All I know is that I’ve been feeling really worn out and exhausted and don’t really have anything good to say about the week. Which is exactly why I need to play Amplification Friday! 

It’s time to take control of my thoughts and shift my focus to what is working and feeling good to me so I can get out of this negative swirl.

Here goes-

I really appreciate the freedom that I have in my life to do the things that I want to do! I wake up when I feel like it and go to bed when I’m tired. It is so much better than when I worked for other people and my schedule was not my own.

Being a Kick-Ass Life coach is so deeply satisfying! I love my clients ans seeing them grow and expand. I love the moment when they see the story I’m pointing out to them and the way it’s stopping them from having what they want– that big ah-ha moment is priceless. What’s even better is hearing them report back how quickly things have changed for them now that they have stopped limiting to themselves or telling a limiting story. Growth and expansion rocks!

I love hanging out with my girl friends and talking about life, men and business. It’s so cool to spend time with other bold, courageous women who are doing their own thing. I always learn so much and laugh a lot! It rocks!

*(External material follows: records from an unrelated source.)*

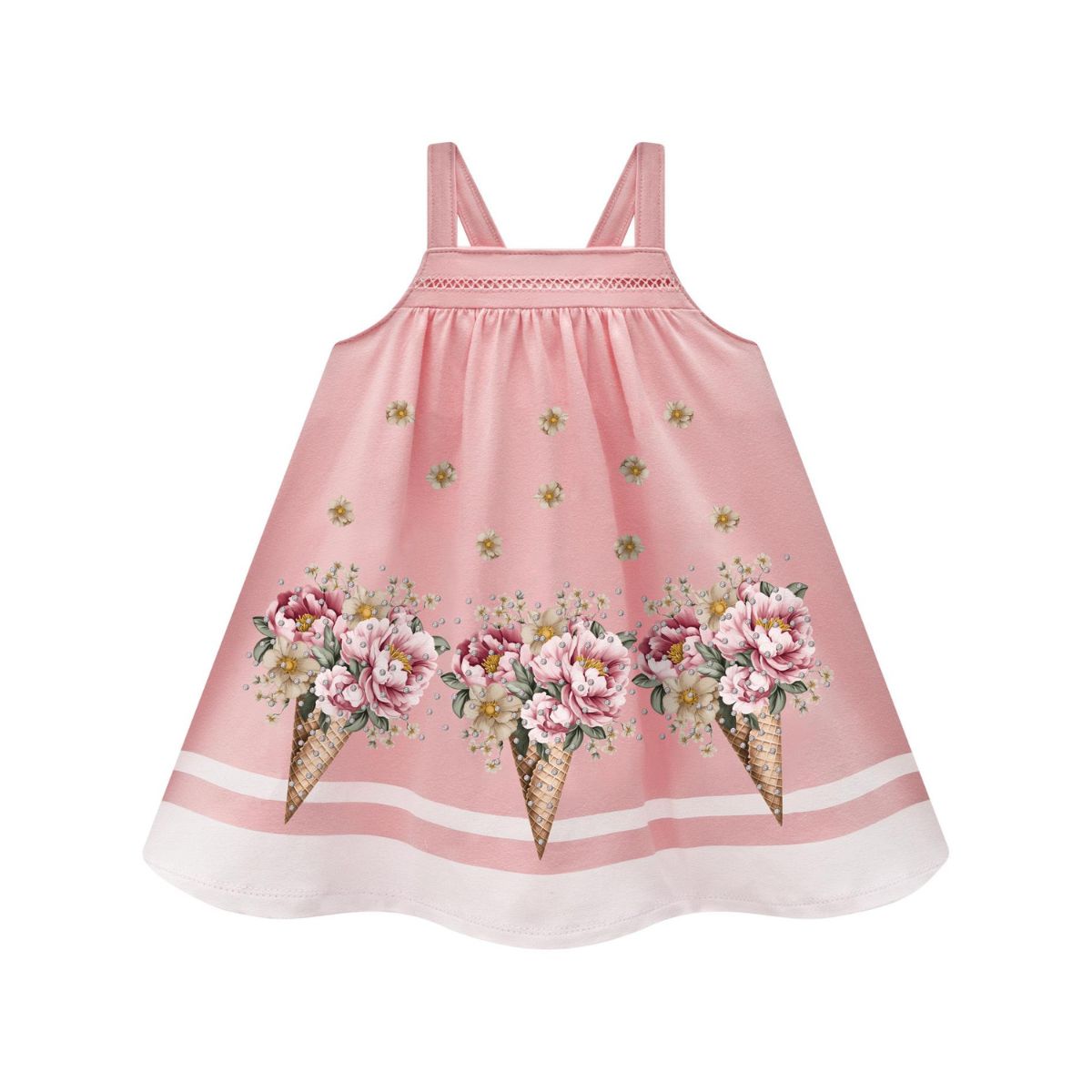 O Vestido Infantil Floral Rosas é pura delicadeza para a sua pequena! Com modelagem soltinha e confortável, ele traz uma estampa exclusiva de flores em casquinhas de sorvete, combinando encanto e modernidade em uma única peça.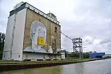 In 2010, Blu was invited to Vienna to paint a mural at the Danube River harbour near Albern in the city district of Simmering. First suggested in 1923 as one possibility for the expansion of Vienna's harbour facilities, Albern was selected for realisation by the German Reich Ministry of Transport (Reichsverkehrsministerium) in 1939, a year after the "Anschluss" of Austria to Nazi Germany. The project was to serve as a logistic node of a future geo- and biopolitical order, designated for the transshipment of grain from the annexed or economically colonized regions of eastern and south-eastern Europe to the heartlands of the German Reich. For the construction of the harbour basin and its five granaries between 1939 and 1942, the Nazi regime employed forced labour. Realized on one of the granaries, Blu's mural called upon the overdue historical and social commemoration of the place's charged history and the unknown fates of the forced labourers who built it. The commissioned piece was destroyed in autumn 2013 in the course of renovation works.[12][13]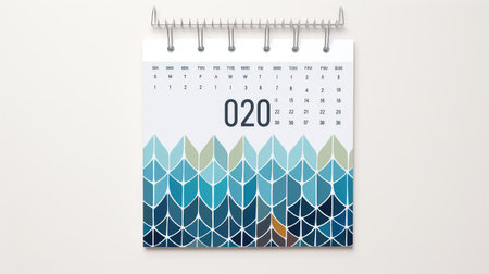 Efficiently Organize Your Work and Life: Close-Up Top View of White Calendar 2020 for Meeting Scheduling and Timetable Management on Teal Background

I’m appreciative of all the helpful people in my life. I am supported in so many ways. It feels wonderful to know that help is there when I need it!

I’m especially appreciative of the abundance that flows into my life. The Universe is generous with me and provides me with everything I need and lots of wonderful opportunities or growth and expanssion.

Now it’s your turn- What are you appreciating from this week?

Share your thoughts in the comments below.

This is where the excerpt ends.